Your original Go proposal runs on my computer roughly for 1.1 seconds, which is about the same as yours.

Removing interface{} item type

Go doesn't have generics, trying to mimic this behavior with interface{} is not the same and have serious performance impact if the value you want to work with is a primitive type (e.g. int) or some simple structs (like the Go equivalent of your Java Container type). See: The Laws of Reflection #The representation of an interface. Wrapping an int (or any other concrete type) in an interface requires creating a (type;value) pair holding the dynamic type and value to be wrapped (creation of this pair also involves copying the value being wrapped; see an analysis of this in the answer How can a slice contain itself?). Moreover when you want to access the value, you have to use a type assertion which is a runtime check, so the compiler can't be of any help optimizing that (and the check will add to the code execution time)!

So let's not use interface{} for our items, but instead use a concrete type for our case:

type Container struct {
    value int
}

We will use this in the iterator's and stream's next method: Next() Container, and in the mapper function:

type Mapper func(Container) Container

Also we may utilize embedding, as the method set of Iterator is a subset of that of Stream.

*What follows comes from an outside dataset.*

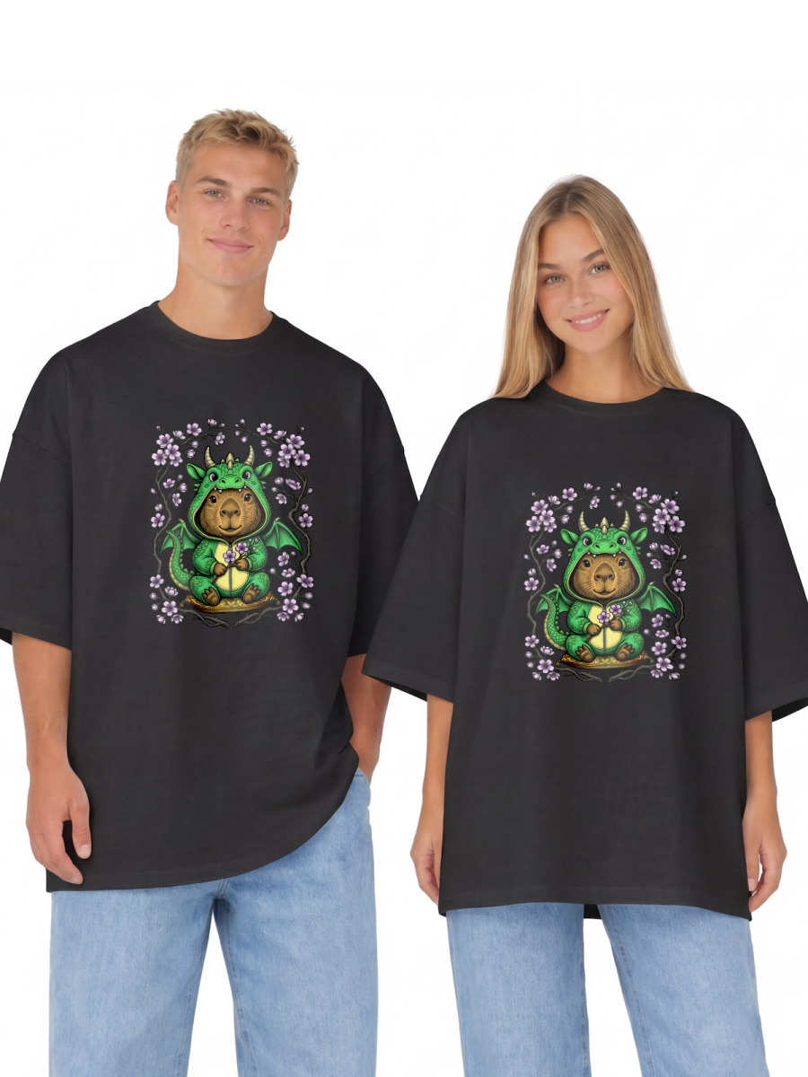 Футболка оверсайз «Капибара в кигуруми дракона»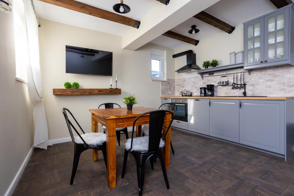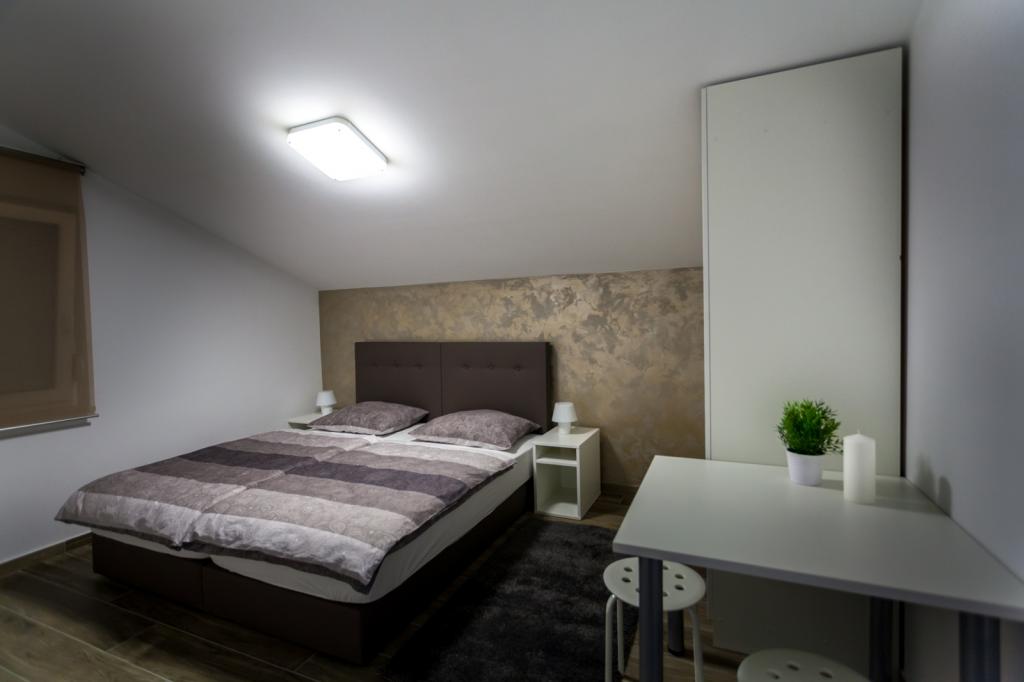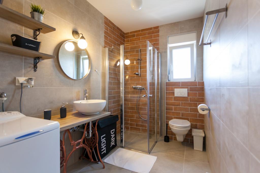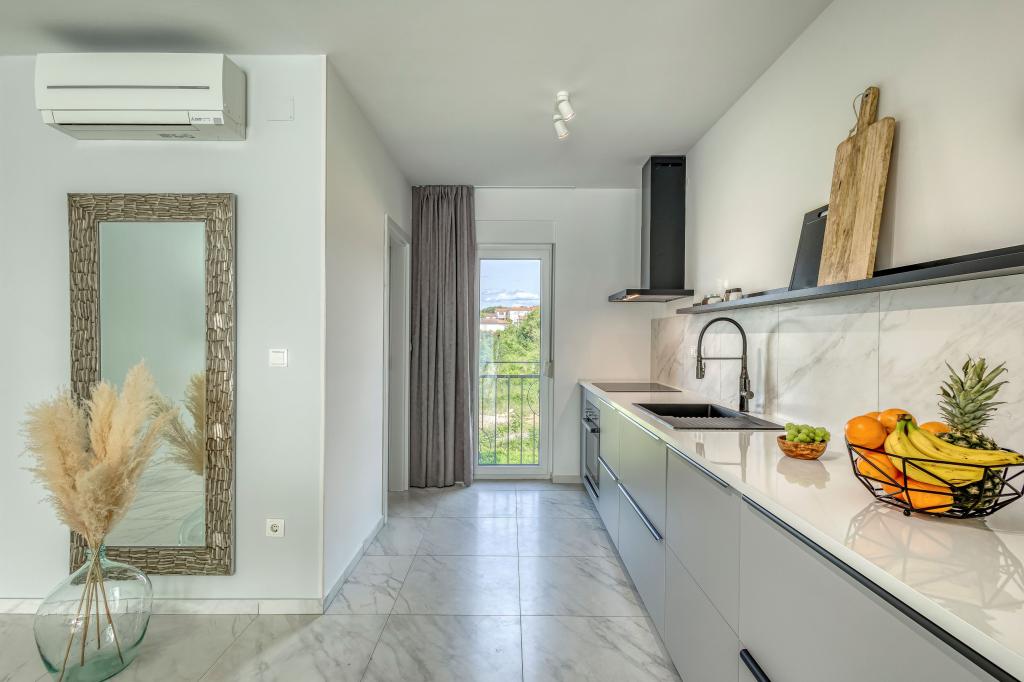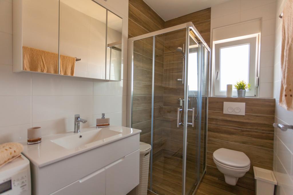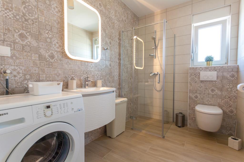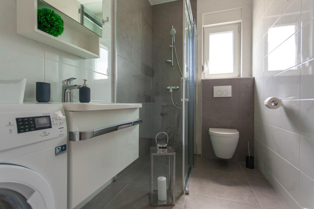 Villa FE tilbyder moderne og elegant indrettede lejligheder med en smuk havudsigt, beliggende i en rolig og attraktiv del af Malinska - Rova, kun 300 meter fra stranden. Villaen består af fem moderne udstyrede lejligheder, en i kælderen, to på første sal og to på anden sal. Lejlighederne på de øverste etager har en privat balkon, der er ideel til afslapning med udsigt over Adriaterhavet. Interiøret er indrettet i en moderne stil med omhyggeligt udvalgte møbler, der sikrer et komfortabelt og behageligt ophold, mens gæsterne har adgang til aircondition i fællesområder og soveværelser, et tv og hurtig og gratis WiFi i hele ejendommen. Takket være sin fremragende beliggenhed nær strande, restauranter og lokale faciliteter er Villa FE det perfekte valg til en romantisk ferie, familieferie eller en afslappende ferie ved havet.

Without further ado, here is the complete, runnable example:

package main

import (
    "fmt"
    "time"
)

type Container struct {
    value int
}

type Iterator interface {
    HasNext() bool
    Next() Container
}

type incIter struct {
    i int
}

func (it *incIter) HasNext() bool {
    return it.i < 10000000
}

func (it *incIter) Next() Container {
    it.i++
    return Container{value: it.i}
}

type Mapper func(Container) Container

type Stream interface {
    Iterator
    Map(Mapper) Stream
}

type iterStream struct {
    Iterator
}

func NewStreamFromIter(it Iterator) Stream {
    return iterStream{Iterator: it}
}

func (is iterStream) Map(f Mapper) Stream {
    return mapperStream{Stream: is, f: f}
}

type mapperStream struct {
    Stream
    f Mapper
}

func (ms mapperStream) Next() Container {
    return ms.f(ms.Stream.Next())
}

func (ms mapperStream) Map(f Mapper) Stream {
    return nil // Not implemented / needed
}

func main() {
    s := NewStreamFromIter(&incIter{})
    s = s.Map(func(in Container) Container {
        return Container{value: in.value * 2}
    })

    fmt.Println("Start")
    start := time.Now()

    j := 0
    for s.HasNext() {
        s.Next()
        j++
    }

    fmt.Println(time.Since(start))
    fmt.Println("j:", j)
}

Execution time: 210 ms. Nice, we're already sped it up 5 times, yet we're far from Java's Stream performance.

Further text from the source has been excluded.